Thinking Before You Borrow Money

Borrowing money should never be a simple decision, but it must be thought through carefully before. Borrowing money without doing the work before properly increasing the risk that you will end up with future financial problems.

Here we will present in a series a list of a number of points that you should consider. The sad truth is that it is better to think about before than after.

Does your finances manage to borrow?

Does your finances manage to borrow?

The first and most basic to go through is how your or your finances look at the moment. Loans always come with extra costs that a space must be provided. Of course, there may be exceptions such as moving from an apartment with an expensive monthly cost to a cheap house. Where the loan cost and all other costs can be lower than what the housing cost previously. Not very ordinary, but possible.

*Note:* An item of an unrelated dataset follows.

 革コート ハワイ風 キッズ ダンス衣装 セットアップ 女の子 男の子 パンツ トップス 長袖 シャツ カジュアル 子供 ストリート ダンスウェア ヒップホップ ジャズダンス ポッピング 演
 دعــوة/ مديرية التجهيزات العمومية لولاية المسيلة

A larger private loan that extends over many years can easily cost USD 5,000 in repayments and interest each month. Smaller loans that have shorter maturities can also cost similar amounts without any problems as the repayment is so great. Mortgages of several million can, although the interest rate for these is low, cost much more than that every month.

Figure out what your finances can do and then figure out what the intended loan would cost you per month. The basic rule here is that if you are least hesitant if you can afford, you should skip borrowing money and try to find another solution instead.

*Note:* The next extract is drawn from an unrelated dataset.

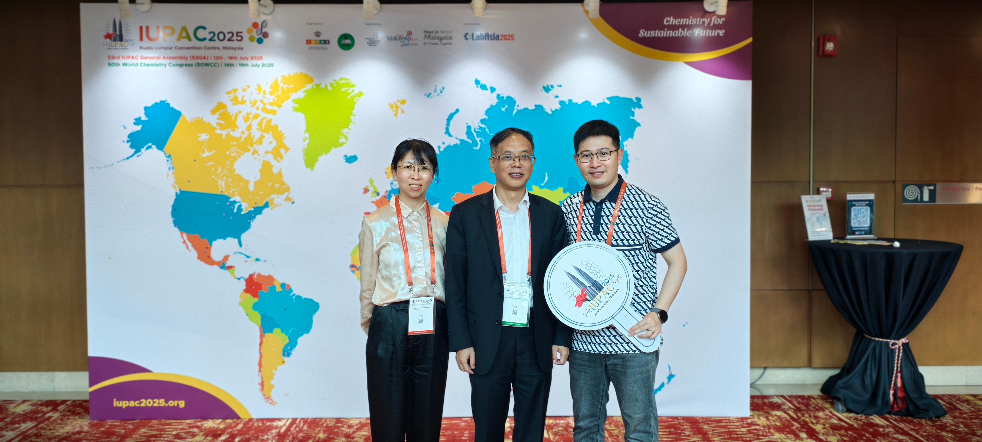 From July 12 to 19, the 53rd IUPAC General Assembly & the 50th World Chemistry Congress took place in Kuala Lumpur, Malaysia, under the theme ¡°Chemistry for a Sustainable Future¡±. Mr. Li Haoran, Honorary Dean of the NHU Research Institute, Ms. Yu Lili, Assistant Dean and Deputy Director of the Product R&D Department, and Mr. He Qiyang, Deputy Director of the Science and Technology Cooperation Department, joined over 3,000 chemists from around the world to explore the vital role of chemical science in addressing global sustainability challenges.

House here is a good example since you may not be able to afford the house which is centrally located and is in top condition. But you might be able to afford a house that is a little further away as they can usually be millions cheaper. Or why not buy a house with renovation needs that you fix over time. Often there is a solution that does not cost as much.

Do you have to borrow?

Really as basic as point one is to really investigate if there is a need to borrow. Loans can be divided into a few different categories depending on how you see it. Here I intend to divide them into three different parts.

Consumer loans

These are loans that are only for pure consumption or which you can probably call it for pleasure. This includes money to be used for clothing, electronics, holidays, etc. It doesn’t have to be wrong to lend to this but there are no things you “must” have. Certainly it is nice to lie on the beach on some warm southern island when it is cold here at home in Sweden. But to say that you have to do it is not true.

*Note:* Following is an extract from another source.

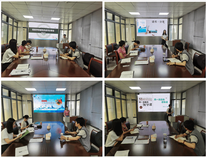 四位辅导员分别以《打破你的学生思维》《辅导员深度辅导的谈心谈话技术》《可复制的领导力》《周一清晨的领导课》四本书分享了读书内容,讲解了细节案例,总结了重点知识,发表了个人感悟,细节丰富,内容详实。

If this is the question of consumer loans, then you should be very confident of advice and that it is really worth the price. For you can most certainly add a number of thousands of dollars to the cost in the form of interest rates.



Loans generally have a pretty bad reputation but if there is any type of loan that does not have it, it is a loan for housing. It is simply not reasonable to have so much money saved on the bank that a whole home can be purchased for these. The vast majority of us are thus forced to borrow money to be able to buy a home and there is nothing strange about this.

Then just because it is an okay loan basically you should not stop using the brain for it. As I mentioned in the paragraph before, a home can cost very different depending on where you buy. Now as I write this the interest rates are very low so even a little larger loans do not cost very much every month. If you borrow 1 million you can expect about 900 USD in interest per month and if you borrow 4 million it is more close to 3,000 USD per month. Big difference but no huge costs that can easily fool you.

As we have, as I said, were low interest rates now and they only reach up to a few percent more, it can easily end up with 2,500 alternatives USD 10,000 a month only in interest. This is then calculated after adjustment. Nowadays, there is also a requirement for amortization that is not included here at all, which can be at similar levels as the interest cost per month.